Will 220uf electrolytic capacitors rated at 6v work in a 9v pedal?

[jimitrader]

Will 220uf electrolytic capacitors rated at 6v work in a 9v pedal?
here is the build:
https://effectslayouts.blogspot.com/2016/03/wampler-faux-spring-reverb.html
thanks!

[Steben]

Will 220uf electrolytic capacitors rated at 6v work in a 9v pedal?
here is the build:
https://effectslayouts.blogspot.com/2016/03/wampler-faux-spring-reverb.html
thanks!

It is the main power cap, it really connects to 9V. Bad idea.

[Mark Hammer]

Generally advisable to use caps rated at 1.5-2x the voltage they expect to encounter.  So one probably want to use a 16V cap in the power part of a 9V pedal.  In view of how many players are likely to experiment with higher supply voltages that their power bricks can provide (e.g., 12V or 18V), and the negligible price and size difference between 16V and 25V-rated caps, manufacturers are more likely to use 25V or even higher ratings just so they don't get returns or burden authorized repair folks with problems that could be easily avoided.

The interesting sort-of almost-exception is caps used to provide Vref (artificial ground).  The power supply may be 9V, but get divided down to half of that, or thereabouts, with a resistive pair, or perhaps a zener diode.  Of course, even there, a 6V-rated cap doesn't really provide a sufficient margin of error for a 4.5V Vref that might conceivably go higher if the source powering the pedal goes higher.

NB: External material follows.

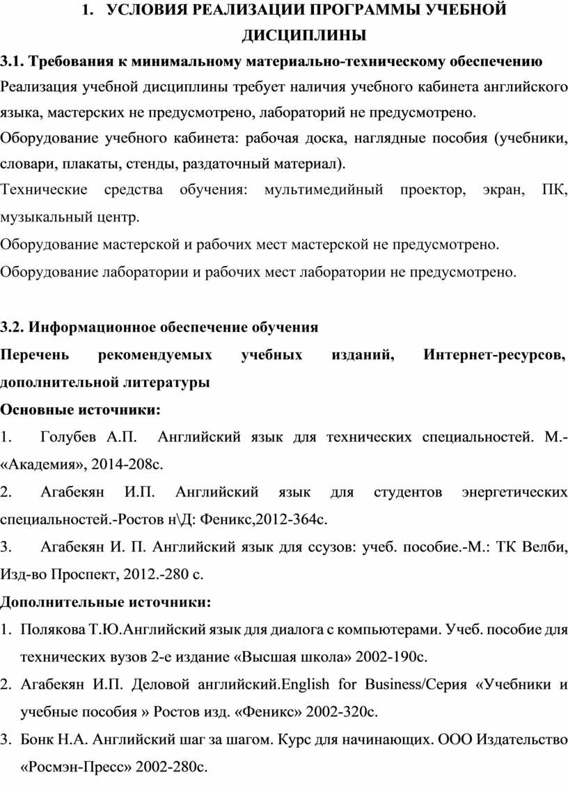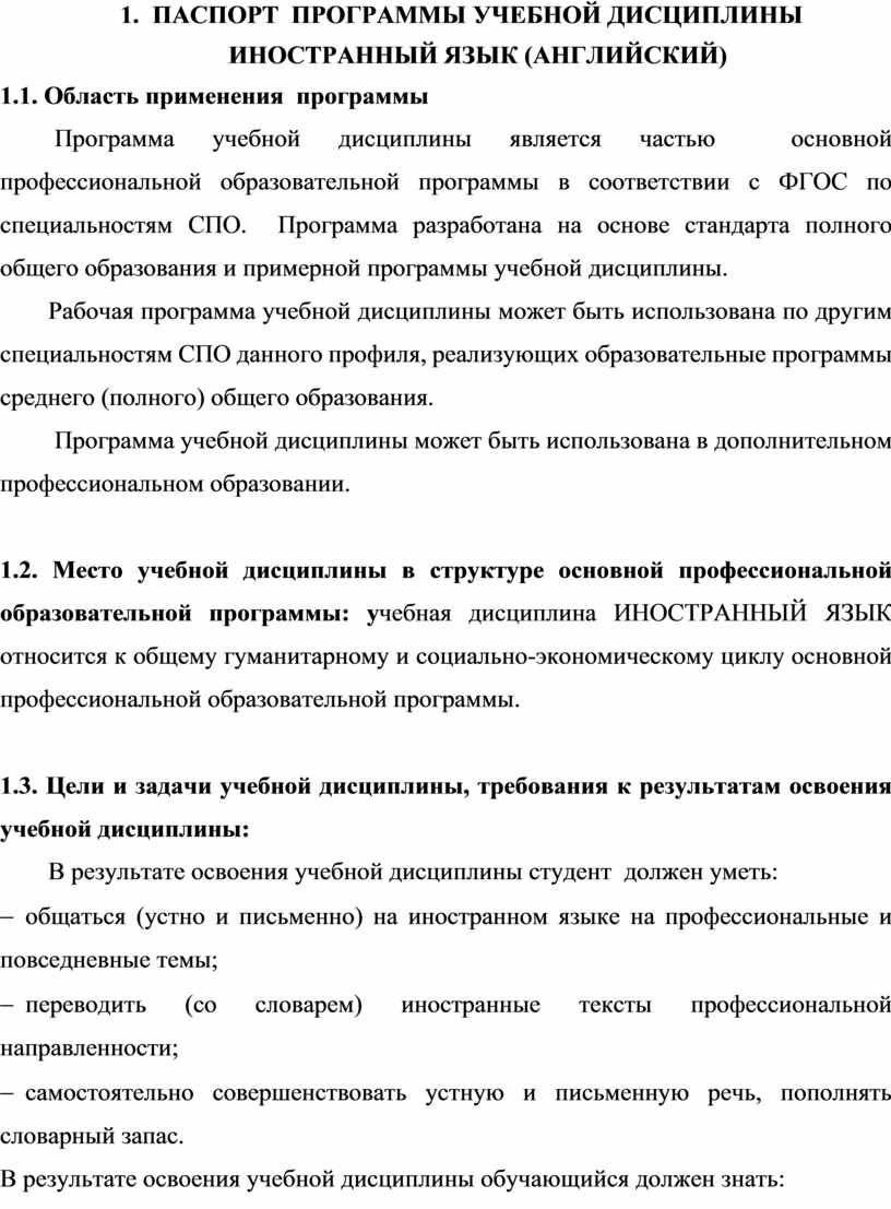 1. ПАСПОРТ ПРОГРАММЫ УЧЕБНОЙ ДИСЦИПЛИНЫ ИНОСТРАННЫЙ ЯЗЫК (АНГЛИЙСКИЙ)
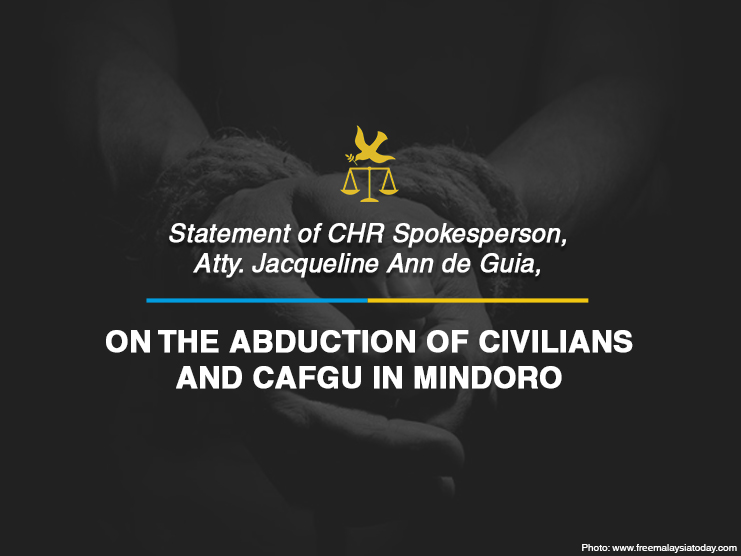 Statement of CHR spokesperson, Atty. Jacqueline Ann de Guia, on the abduction of civilians and CAFGU in Mindoro

I'm curious about, and will defer to the real EEs here, regarding what an appropriate voltage rating is for LFOs.  For instance, some LFOs will use a back-to-back pair of electrolytics (e.g., 10uf + 10uf) to achieve a large non-polarized capacitance value.  If such an LFO were embedded within, say, a synth or similarly complex system, powered by +/-15V or +/-12V, what would be an appropriate minimum voltage rating?

[jimitrader]

Quote from: Steben on Today at 11:48:40 AM<blockquote>Quote from: jimitrader on Today at 11:34:32 AM<blockquote>Will 220uf electrolytic capacitors rated at 6v work in a 9v pedal?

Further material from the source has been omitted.